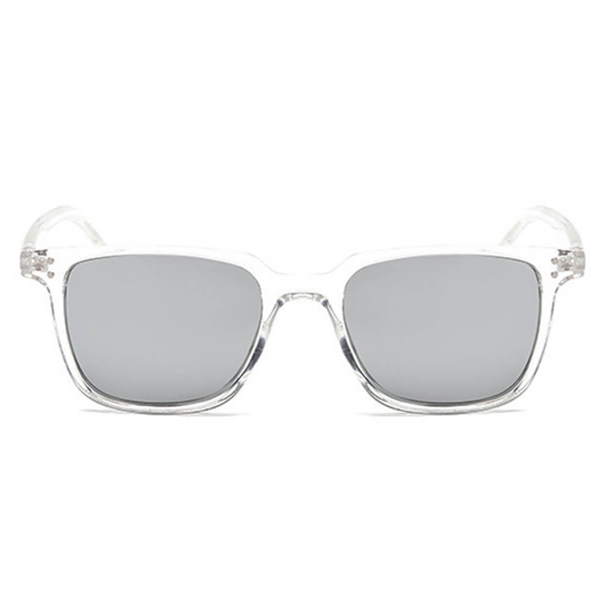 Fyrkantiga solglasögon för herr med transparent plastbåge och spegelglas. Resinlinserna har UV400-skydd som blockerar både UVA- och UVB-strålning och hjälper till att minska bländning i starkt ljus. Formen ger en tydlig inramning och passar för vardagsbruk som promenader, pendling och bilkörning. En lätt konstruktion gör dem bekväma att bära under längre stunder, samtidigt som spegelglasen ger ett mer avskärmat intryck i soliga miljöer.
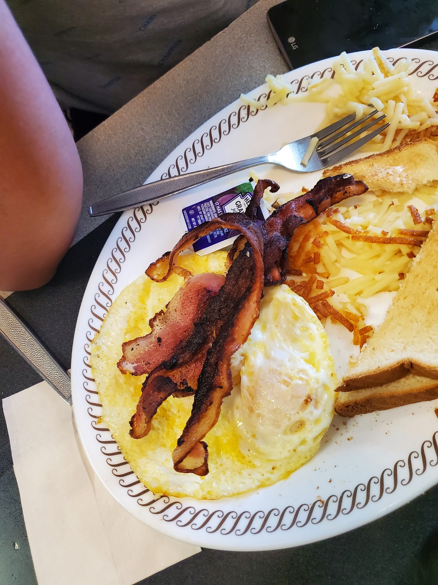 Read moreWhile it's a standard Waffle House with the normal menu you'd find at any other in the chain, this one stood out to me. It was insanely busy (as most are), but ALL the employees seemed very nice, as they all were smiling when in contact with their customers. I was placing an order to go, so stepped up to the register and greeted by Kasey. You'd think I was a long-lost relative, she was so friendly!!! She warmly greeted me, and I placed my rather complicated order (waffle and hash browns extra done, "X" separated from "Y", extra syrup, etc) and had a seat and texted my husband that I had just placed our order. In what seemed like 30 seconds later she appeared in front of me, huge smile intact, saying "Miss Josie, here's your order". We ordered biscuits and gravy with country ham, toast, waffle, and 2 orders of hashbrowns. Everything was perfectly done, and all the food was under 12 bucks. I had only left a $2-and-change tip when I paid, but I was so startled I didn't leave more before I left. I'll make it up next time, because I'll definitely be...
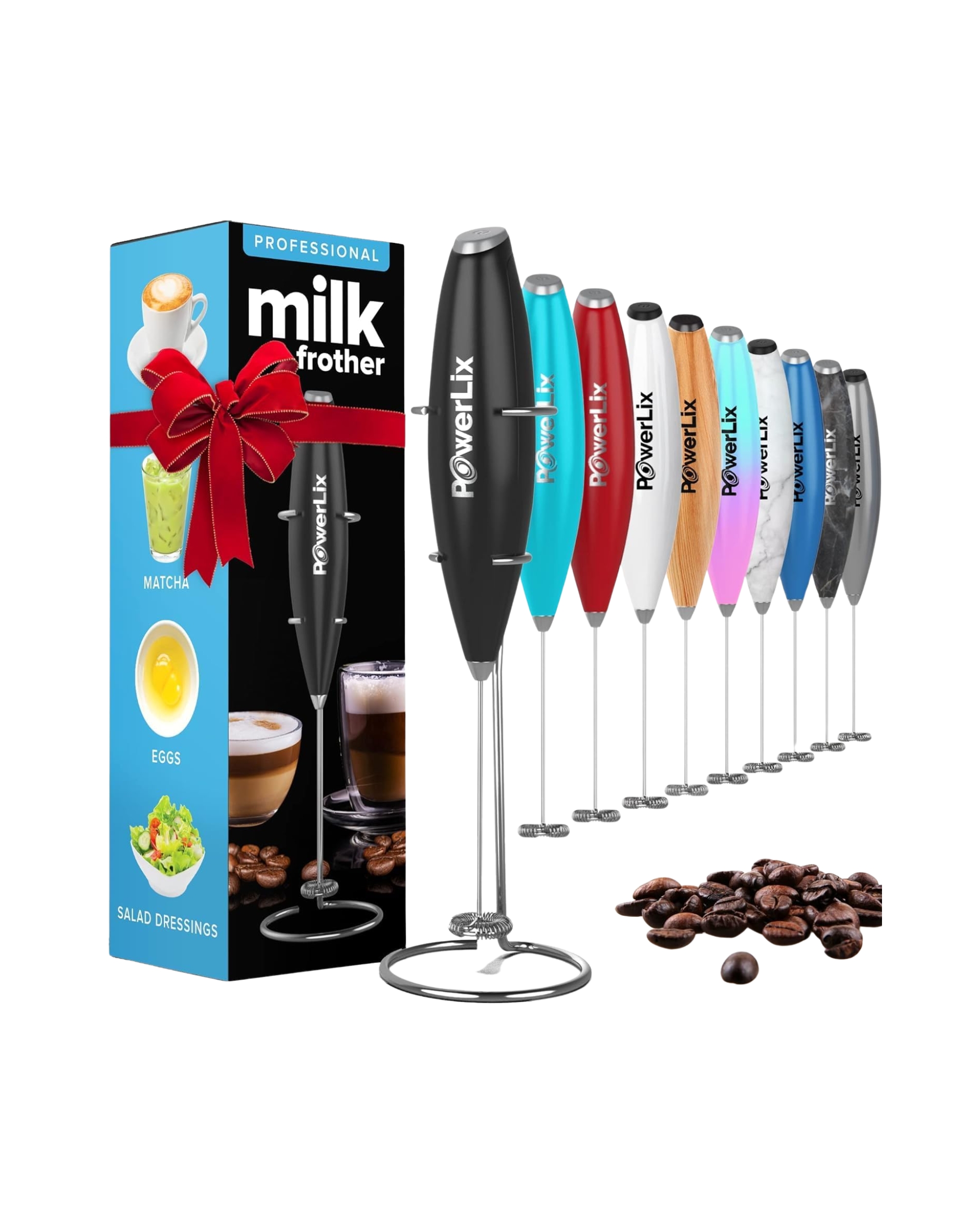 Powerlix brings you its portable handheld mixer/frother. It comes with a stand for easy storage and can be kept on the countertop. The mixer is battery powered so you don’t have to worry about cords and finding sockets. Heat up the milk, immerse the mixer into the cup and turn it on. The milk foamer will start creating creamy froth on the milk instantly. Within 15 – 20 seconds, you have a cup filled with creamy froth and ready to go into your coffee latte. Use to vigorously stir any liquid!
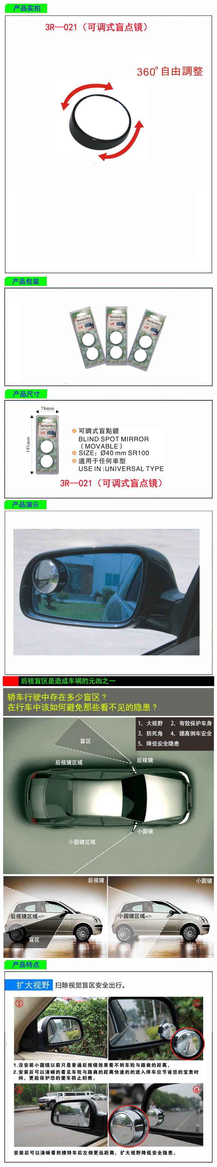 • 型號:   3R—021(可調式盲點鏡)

========================================================================

▸ **Exercise objective**:
Write out the listing word for word, omitting the pictures it holds.

▸ **Exercise answer**:
 Fyrkantiga solglasögon för herr med transparent plastbåge och spegelglas. Resinlinserna har UV400-skydd som blockerar både UVA- och UVB-strålning och hjälper till att minska bländning i starkt ljus. Formen ger en tydlig inramning och passar för vardagsbruk som promenader, pendling och bilkörning. En lätt konstruktion gör dem bekväma att bära under längre stunder, samtidigt som spegelglasen ger ett mer avskärmat intryck i soliga miljöer.
 Read moreWhile it's a standard Waffle House with the normal menu you'd find at any other in the chain, this one stood out to me. It was insanely busy (as most are), but ALL the employees seemed very nice, as they all were smiling when in contact with their customers. I was placing an order to go, so stepped up to the register and greeted by Kasey. You'd think I was a long-lost relative, she was so friendly!!! She warmly greeted me, and I placed my rather complicated order (waffle and hash browns extra done, "X" separated from "Y", extra syrup, etc) and had a seat and texted my husband that I had just placed our order. In what seemed like 30 seconds later she appeared in front of me, huge smile intact, saying "Miss Josie, here's your order". We ordered biscuits and gravy with country ham, toast, waffle, and 2 orders of hashbrowns. Everything was perfectly done, and all the food was under 12 bucks. I had only left a $2-and-change tip when I paid, but I was so startled I didn't leave more before I left. I'll make it up next time, because I'll definitely be...
 Powerlix brings you its portable handheld mixer/frother. It comes with a stand for easy storage and can be kept on the countertop. The mixer is battery powered so you don’t have to worry about cords and finding sockets. Heat up the milk, immerse the mixer into the cup and turn it on. The milk foamer will start creating creamy froth on the milk instantly. Within 15 – 20 seconds, you have a cup filled with creamy froth and ready to go into your coffee latte. Use to vigorously stir any liquid!
 • 型號:   3R—021(可調式盲點鏡)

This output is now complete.